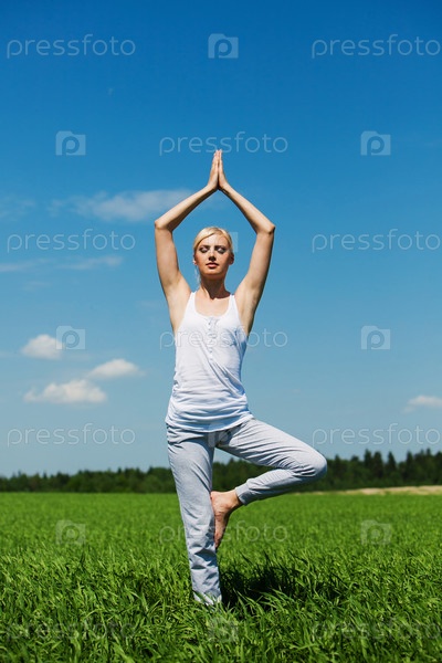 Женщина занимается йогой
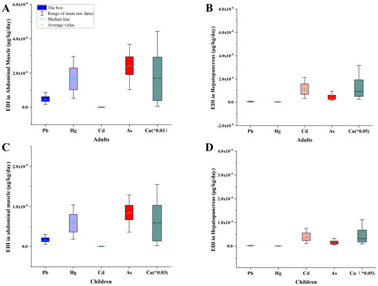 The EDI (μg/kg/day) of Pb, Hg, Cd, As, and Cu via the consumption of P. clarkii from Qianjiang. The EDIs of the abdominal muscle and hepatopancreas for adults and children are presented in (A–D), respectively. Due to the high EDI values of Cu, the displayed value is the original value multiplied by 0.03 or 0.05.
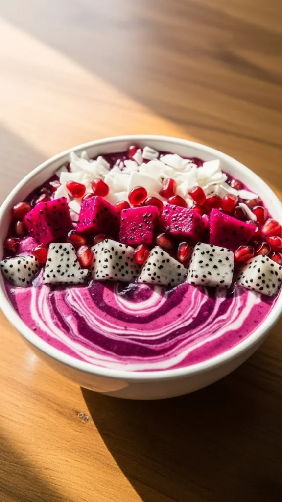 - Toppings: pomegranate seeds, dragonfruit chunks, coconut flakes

**WORK TO BE COMPLETED**. Set down, in exact form, only the lines that start at the one containing "The EDI (μg/kg/day)" and finish at the last line of the material; pictures do not go in.

**EXERCISE OUTPUT**.
 The EDI (μg/kg/day) of Pb, Hg, Cd, As, and Cu via the consumption of P. clarkii from Qianjiang. The EDIs of the abdominal muscle and hepatopancreas for adults and children are presented in (A–D), respectively. Due to the high EDI values of Cu, the displayed value is the original value multiplied by 0.03 or 0.05.
 - Toppings: pomegranate seeds, dragonfruit chunks, coconut flakes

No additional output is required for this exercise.